After reading the book I had a number of questions, so I asked Howard for an interview, which he quickly agreed to. Much of the conversation involved clearing up my misconceptions. Here my other notes from it.

On Ring Warriors:

-Eurosport provided commentary for other languages in Europe.

-At first they focused on New Japan matches with American, European and masked wrestlers for the shows. Commentary was used to create different storylines than what was going on in Japan. Once viewers were familiar with the style they expanded to include Japanese vs Japanese matches. They edited out comedy and overly violent (ie. bloody) matches to focus on serious, scientific wrestling. Getting Solie and Bruno as commentators was a perfect fit. The end result was a throwback to old-school presentation of wrestling as a sport.

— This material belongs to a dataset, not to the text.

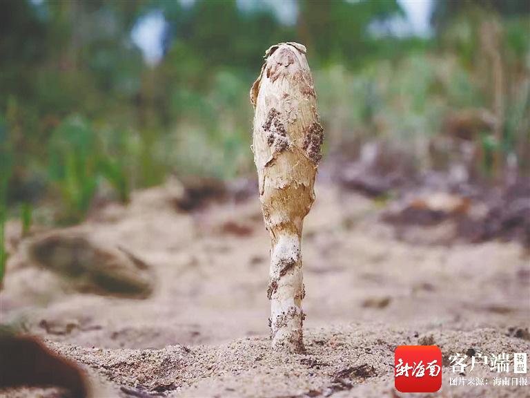 在海南西部地区,烈日炙烤下的海边沙滩上,温度高达50℃,沙子烫得或许能煎鸡蛋。这样酷热的环境下,一种奇特的蘑菇正在悄然生长。它的伞面始终闭合着,像一个害羞的孩子捂住了脸;但它个头不小,最高能长到23厘米。
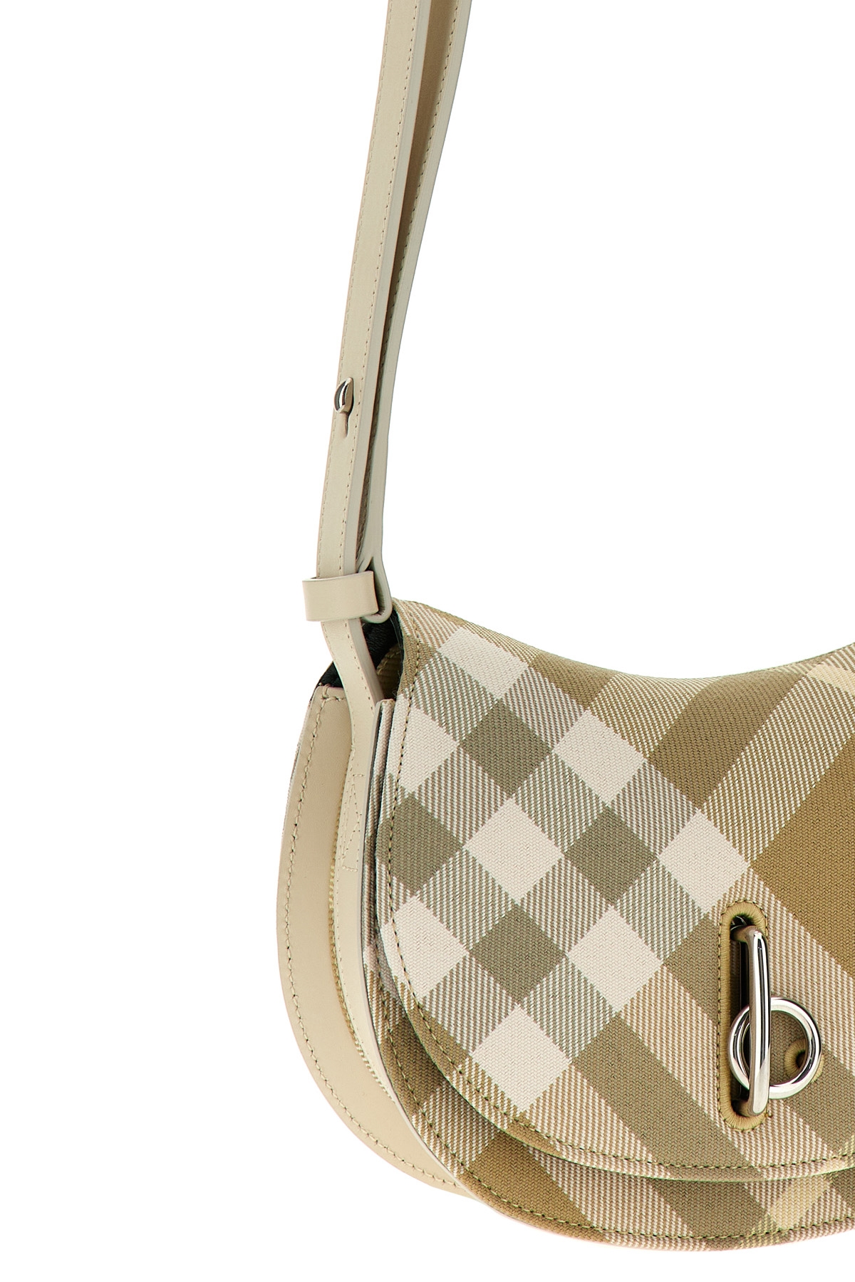 'Rocking Horse' mini shoulder bag in check print wool blend, leather details, flap closure with metal hook, adjustable shoulder strap.

-There was an idea for a cartoon series that would be paid for by Bandai in order to promote toys, but the idea went away when Bandai backed out.

-Howard thinks the idea of online video was simply done at the wrong time. They got thousands of website hits, which was remarkable considering internet traffic levels at the time and the lack of advertising. With today’s streaming video quality they could have capitalized. Sadly, when he thought to try again a few years later he found that the master tapes were ruined.


-He’s sure Ogawa didn’t have a back injury, and just didn’t want to job. This is borne out by the fact that Ogawa was in an MMA fight not long after vacating the title. There was a fear that Ogawa might “throw the belt in the river” if pushed too hard.

-The ‘calling out Hashimoto’ incident blew over quickly. Howard came to love Hashimoto in the ring, because he was tough and had an old-school mentality as opposed to being a bodybuilder.

-Despite living in the US, Brody’s biggest ventures were overseas. He said this was because it’s nearly impossible to do big indy shows in the US, whereas the foreign markets were mostly or completely untapped.

-Nishimura has spent a lot of time in Florida, starting when he trained with Matsuda and Dory Funk Jr. Howard says he’s friendly, although his English isn’t as good as it used to be (since Nishimura now only does occasional vacations in Florida). Howard and I had a brief disagreement over Nishimura appearing in NWA title tournaments before and after Shane Douglas infamously threw down the belt. It turns out we were both right: Nishimura was in the tournament Douglas won, and in the tournament following it. Nishimura is a huge mark for James Bond.

-He used the phrase “Forrest Gump of pro wrestling” to describe his career, in that he ended up going everywhere and meeting lots of important people, often by happenstance.

In conclusion, buy the book!

My thanks to Mr. Brody for his time and patience.